Bungling MoJ hit by £180k penalty

Bungling MoJ hit by £140k penaltyThe Ministry of Justice has found itself banged to rights after bungling officials forgot to turn on the encryption device on back-up hard drives, exposing both prisoners’ and victims’ confidential data.
The Information Commissioner’s Office (ICO) – which said the case “beggard belief” – has served a £180,000 penalty on the government department for a catalogue of cock-ups.
The penalty follows the loss of an unencrypted back-up hard drive at HMP Erlestoke prison in Wiltshire in May 2013. The hard drive contained sensitive and confidential information about 2,935 prisoners, including details of links to organised crime, health information, history of drug misuse and material about victims and visitors.

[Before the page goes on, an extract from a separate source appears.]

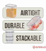 SCL Steelo SoFresh SoClick Containers are designed to make food storage effortless, fresh, and stylish. Made from premium BPA-free, food-grade plastic, these containers are durable, lightweight, and safe for everyday use. Their standout feature is the smart SoClick locking mechanism, which provides a secure airtight seal with a simple click, ensuring your food stays fresh, crisp, and free from moisture. The clear body allows easy identification of contents, while the wide-mouth design makes filling, pouring, and cleaning hassle-free. Perfect for organizing pulses, cereals, snacks, dry fruits, or spices, SoFresh SoClick Containers not only keep your kitchen neatly arranged but also add a touch of modern functionality to your storage solutions.

The incident followed a similar case in October 2011, when the ICO was alerted to the loss of another unencrypted hard drive, containing the details of 16,000 prisoners serving time at HMP High Down prison in Surrey.
In response to the first incident, in May 2012 the prison service provided new hard drives to all of the 75 prisons across England and Wales still using back-up hard drives in this way; these devices were able to encrypt the information stored on them.
But the ICO’s investigation into the latest incident found that the prison service had failed to realise that the encryption option on the new hard drives needed to be turned on to work correctly.
The result was that highly sensitive information was insecurely handled by prisons across England and Wales for over a year, leading to the latest data loss at HMP Erlestoke. If the hard drives in both of these cases had been encrypted, the information would have remained secure despite their loss.
ICO head of enforcement Stephen Eckersley bemoaned: “The fact that a government department with security oversight for prisons can supply equipment to 75 prisons throughout England and Wales without properly understanding, let alone telling them, how to use it beggars belief.
“This is simply not good enough and we expect government departments to be an example of best practice when it comes to looking after people’s information. We hope this penalty sends a clear message that organisations must not only have the right equipment available to keep people’s information secure, but must understand how to use it.”
The Ministry of Justice, working with the National Offenders and Management Service, have now taken action to ensure all of the hard drives being used by prisons are securely encrypted.
Just ten months ago, the MoJ was hit by a £140,000 fine following a serious data breach which led to the details of all of the prisoners serving at HMP Cardiff being emailed to inmates’ families.